2022-12-03代秋颖周悦吴晶晶孟畑叶媚娜陈红风

组织工程与重建外科杂志 2022年5期
关键词:哺乳期乳腺炎外周血

代秋颖 周悦 吴晶晶 孟畑 叶媚娜 陈红风

非哺乳期乳腺炎是发生在非哺乳期、非妊娠期的非特异性乳房慢性炎症性疾病,中医病名“粉刺性乳痈”[1-2],临床表现为乳房炎性结块,多伴红、肿、热、痛等局部症状,全身症状较轻[3]。其中医病机为素有乳络不畅,复因情志不舒、肝郁气滞,气郁血滞而成局部结块,郁久化热,热盛肉腐而成脓,反复破溃、难敛者可形成瘘管或窦道[4]。西医药物治疗包括抗生素、催乳素抑制剂、类固醇激素、免疫抑制剂等,手术包括局部切除及乳房切除术等[5-6]。非哺乳期乳腺炎病程迁延,部分患者治疗后形成反复发作的难愈性创面,破坏乳房外形,影响患者生活质量。减少延迟愈合可能性是创面修复的宗旨之一[7],在相关研究中,采用类固醇激素保守治疗的非哺乳期乳腺炎患者平均恢复时间为(5.21±2.01)个月,同时手术治疗的恢复时间为(1.53±0.67)个月[8]。Zhang 等[6]的Meta 分析显示,单纯手术治疗和单纯类固醇激素口服治疗的复发率均为21%。非哺乳期乳腺炎的中医疗法包括中药口服、中药外敷、化腐清创、针刺、拔罐、放血等[9-11]。此外,中医外治中的引流排脓、拖线、垫棉等措施在该病的不同时期亦有较好的治疗效果[12]。研究显示,中医药疗法联合手术治疗能提高该病的疗效、降低复发率[13-14]。中医药治疗对于创面的修复作用可能与调节局部微环境有关[15]。也有系统评价显示加入中医药治疗后在症状积分、痊愈率、有效率方面无显著优化[16]。本研究采用系统评价与Meta分析的方式,综合评价中医疗法对非哺乳期乳腺炎术后创面修复的临床疗效以及相关作用机制,为非哺乳期乳腺炎的综合治疗提供循证医学证据。

1 资料与方法

1.1 纳入标准

①研究类型:研究中医疗法联合手术治疗非哺乳期乳腺炎临床疗效的临床随机对照试验。②研究对象:非哺乳期乳腺炎患者。③干预措施:观察组干预措施包括中药口服或(和)中医外治联合手术治疗,对照组为单纯手术治疗。

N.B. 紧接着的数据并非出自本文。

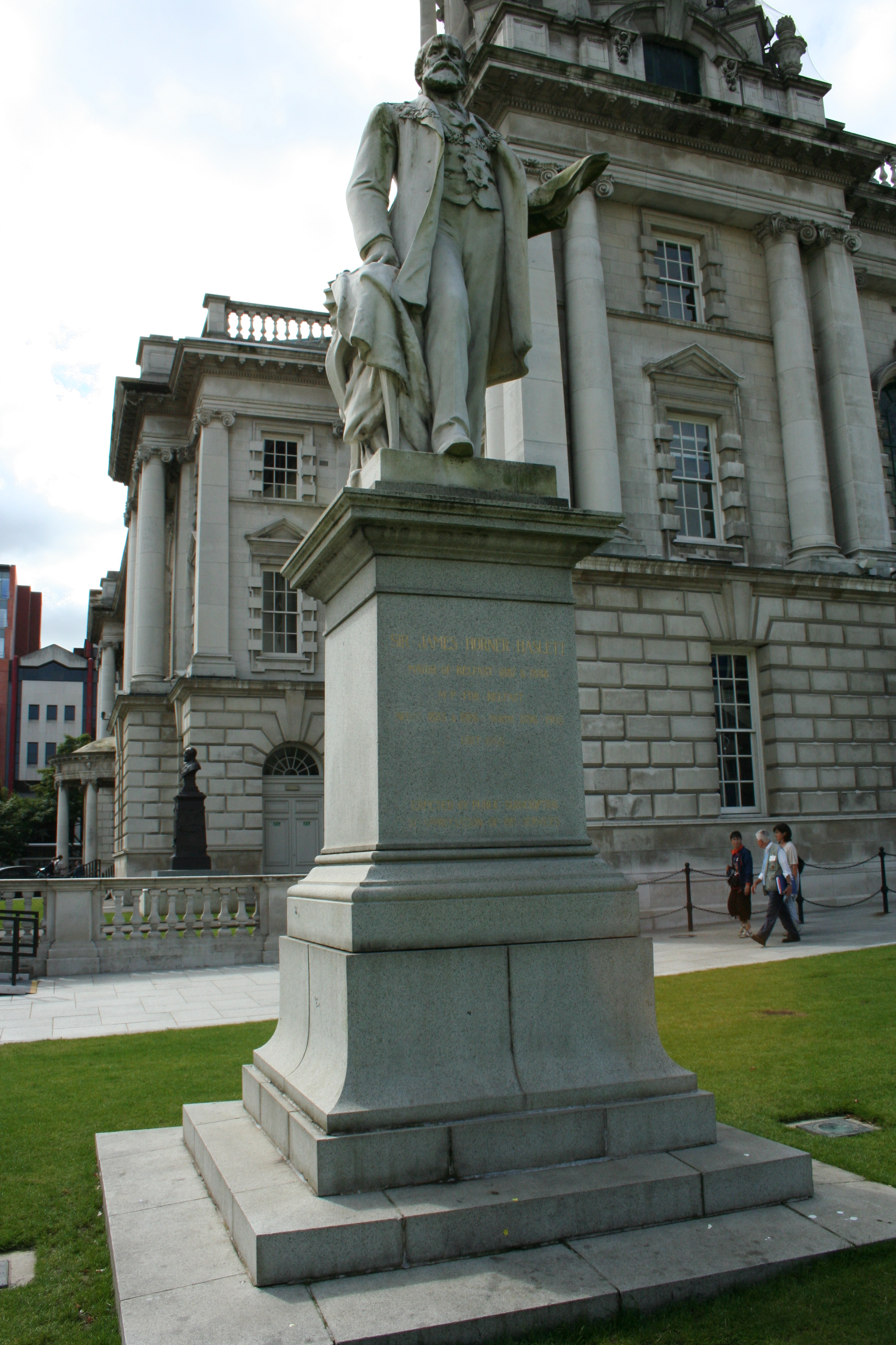 Image of monument to James Horner Hazlett, Mayor of Belfast 1887 & 1888 Credit: A Peter Clarke image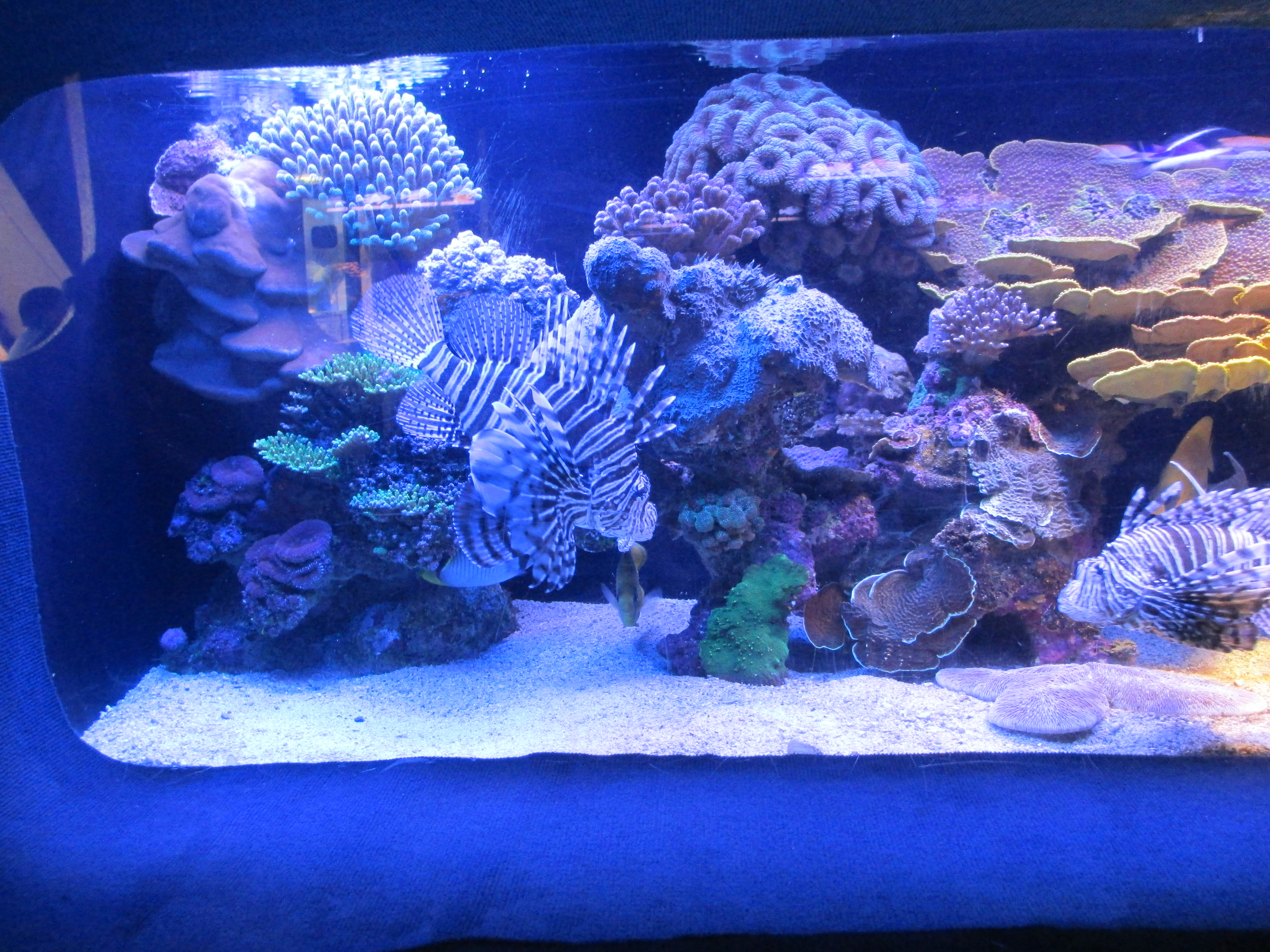 Pterois miles in Eilat

在此基础上,两组同时给予其他相同干预方式的研究亦可纳入。④结局指标:必须包含有效率或(和)复发率,包含或不包含相关机制研究。

1.2 排除标准

①重复发表;②无法获取全文;③非中文、英文。

1.3 文献的检索策略

应用中国知网(CNKI)、万方数据知识服务平台(Wanfang)、维普中文期刊数据库(VIP)、PubMed、Embase、Cochrane Library 数据库,检索时间为建库至2022 年3 月。中文检索词包括 “非哺乳期乳腺炎”、“肉芽肿性乳腺炎”、“浆细胞性乳腺炎”、“治疗”等。英文检索词包括 “non-puerperal mastitis”、“granulomatous mastitis”、“plasma cell mastitis”、“periductal mastitis”等。

1.4 文献的筛选与录入

通过独立完成文献阅读,按照既定的文献纳入、排除标准进行文献筛选和资料提取,提取的资料包括文献的基本信息(题目、作者、发表年份)、研究对象的一般信息、主要干预措施和结局指标。由两人采取背对背方式录入文献,存在争议时第三方加入讨论。

1.5 偏倚风险评价

应用Cochrane 系统评价手册(5.1.0 版)评估所纳入文献的偏倚风险,评估内容包括:①随机序列产生;②分配隐藏;③对研究者和受试者实施盲法;④对结局评估者实施盲法;⑤结局数据完整性;⑥选择性报告结果;⑦其他偏倚。评价标准分为“High”、“Low”、“Unclear”三个级别,通过偏倚风险图表示。

1.6 统计学方法

应用RevMan 5.3 软件进行Meta 分析。计数资料的效应指标为相对危险度(Risk ratio,RR);计量资料的效应指标为均数差(Mean difference,MD)。当I2<25%时,提示存在轻度异质性;当25%≤I2<50%,提示存在中度异质性;I2≥50%时,提示存在高度异质性[17];其中轻度异质性采用固定效应模型分析,中、重度异质性存在采用随机效应模型进行分析或放弃Meta 分析。本研究效应量以95%CI 表示,P<0.05提示差异有统计学意义。

2 结果

2.1 文献检索结果

按照检索策略共检索得到中文文献4 462 篇,排除重复文献531 篇;进一步阅读文题、摘要,排除研究主题不符合者291 篇、研究类型/干预方案不符合者3 535 篇;剩余105 篇文献进行全文阅读,进一步排除主题不符合者1 篇、干预方案不符合者54 篇、干预措施描述不清者5 篇、结局指标不符合者28 例;最终纳入文献17 篇[13-14,18-32]。文献筛选流程见图1,纳入文献基本特征及临床干预情况见表1、表2。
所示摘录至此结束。